A DELEGATION of Yorkshire hill farmers will today deliver a stark message to government - 'Intervene with immediate help or watch the entire upland economy collapse'.

"We are not whinging or whining, we are being realistic," said Alistair Davy, of Low Oxque Farm, Marrick in Swaledale.

"Our worry is that government has lost interest in the rural areas of England, it does not think about all the local businesses or the countryside which depend on our spend."

The financial impact of last year's twin foot and mouth disease outbreaks followed by Blue Tongue had devastated hill farms - Mr Davy lost £7,000 on his own lambs.

Now sky-high feed and input costs along with reduced single farm payments have crippled them still further.

Mr Davy, chairman of the Hill Farming Initiative, said he and the rest of the delegation had all diversified, taken second jobs, and done everything they could to survive.

He said: "But fertiliser has gone up 100 per cent feed and all our other inputs have gone up hugely, and we are not getting the returns to cover it.

"We cannot spend what we have not got and that means local businesses will suffer."

Many other hill farmers could not diversify and were in a worse situation, trapped on their farms with no way of getting out.

Mr Davy said modulation - where money is diverted from the single farm payment budget to agri-environment schemes - was not working.
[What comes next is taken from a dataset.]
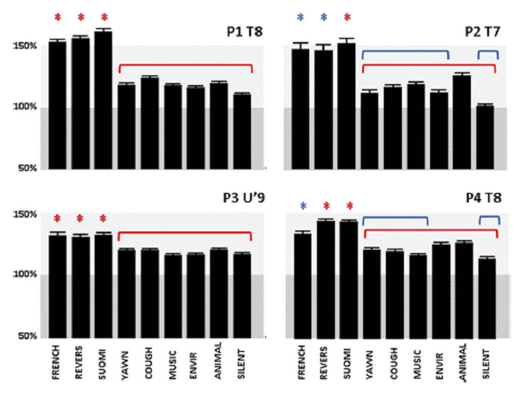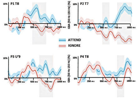 لا شك في أن التصوير بالرنين المغناطيسي الوظيفي ليس كافيًا للإجابة عن هذه الأسئلة. لكنك تستطيع معرفة الجواب إن كنت تملك أقطابًا مزروعة في الأماكن المناسبة. صحيح أن الناس لا يتنقلون وهم يضعون أقطابًا في رؤوسهم، ومن المستبعد أن يتطوعوا للقيام بأمر مماثل لأجل العلم. ولكن ثمة مجموعة صغيرة من الناس تُضطر إلى ذلك. يعاني بعض هؤلاء حالة حادة من صرع الفص الصدغي (temporal lobe epilepsy). وأحد الحلول الأخيرة التي يعتمدها الأطباء لمعالجة هذه الحالات اقتطاع الفصَين الصدغيين. ولكن قبل الإقدام على خطوة مماثلة، من الضروري التأكد من أن النوبات تنتج فعلاً من نشاط الفص الصدغي، ومعرفة الموضع الذي تبدأ فيه هذه النوبات (لا شك في أن الأطباء يريدون الاكتفاء باقتطاع ما هو ضروري فحسب). لذلك يزرعون أقطابًا لتخطيط أمواج الدماغ تحت جمجمة المريض وفوق الفصين الصدغيين لمراقبة نشاطهما. وبما أن هؤلاء المرضى يحملون الأقطاب في مطلق الأحوال، فلا ضرر من المشاركة في دراسة حول القراءة. طلب الباحثون في هذه الدراسة من أربعة أشخاص سبق أن زُرعت أقطاب لتخطيط أمواج الدماغ قرب فصوصهم الصدغية قراءة قصة بصمت والاستماع إلى صوت يعطيهم التوجيهات. وخلال عملية القراءة والاستماع كان الباحثون يسجلون البيانات.يمكنك أن ترى في الرسم البياني أدناه تسجيلات من مناطق السمع الأربع، تسجيل لكل مريض (من المؤسف أن عدد المشاركين في الدراسة اقتصر على أربعة. بما أن هذه حالة نادرة، وعدد مَن يحتاجون إلى علاج جراحي أقل أيضًا). لاحظ أن هذه المناطق من الفص الصدغي تتفاعل كثيرًا مع الكلام (الفرنسية، الفنلندية، والفرنسية المعكوسة)، مقارنة بالأصوات العشوائية، مثل السعال، الموسيقى وأصوات الحيوانات. تُعتبر هذه المنطقة مسؤولة عن الكلمات المكتوبة.لاحظ أن الخطوط الزرقاء (عندما طُلب من المرضى الانتباه) تُظهر تزايد النشاط الكهربائي في هذه المنطقة عندما أعطي المرضى كلمات مكتوبة. وتشكّل هذه قشرة سمعية تتفاعل عادة مع الكلام. ومن هنا استخلص الباحثون أن دماغنا يعتبر، على ما يبدو، الجمل المكتوبة كلامًا.لا تقتصر أهمية الدراسة على أنها تُظهر أن القراءة بصمت تؤدي إلى نشاط كهربائي عالي الوتيرة في المناطق السمعية، فهي تبرهن أيضًا أن هذه المناطق مخصصة لأصوات تنطق بلغة. فلم يظهر هذا النشاط إلا عندما أولى الشخص العمل انتباهًا. لذلك يعتقد الباحثون أن هذه النتائج تدعم فرضية أن كلنا ننتج «صوتًا داخليًّا» عندما نقرأ بصمت، ويزداد الصوت فاعلية عندما نوليه اهتمامًا، ما يوحي أن العملية ليست تلقائية، بل تحدث عندما نعالج بانتباه الكلمات خلال القراءة. لذلك عندما تقرأ بصمت في المرة التالية، تذكر أن الصمت لا يسود داخل دماغك.

The basic entry level scheme was originally supposed to be open to all farmers but instead operates a points system which means some farms cannot qualify.

The Higher Level Scheme is currently by invitation and only farms on Sites of Special Scientific Interest are being approached.

Hill farmers in Scotland and Wales were given more support than England.

Richmond MP William Hague has arranged for the delegation to meet members of the Parliamentary Hill Farming Committee.

They will then go on to Downing Street to deliver a 2,500 name petition and supporting dossier.

It calls for: * immediate and on-going positive intervention from the government * distinct policies to support the English uplands * ring fenced support for hill farmers * immediate re-formulated subsidies with greater focus on Less Favoured Area (LFA) and tenanted farms * a government minister for LFAs.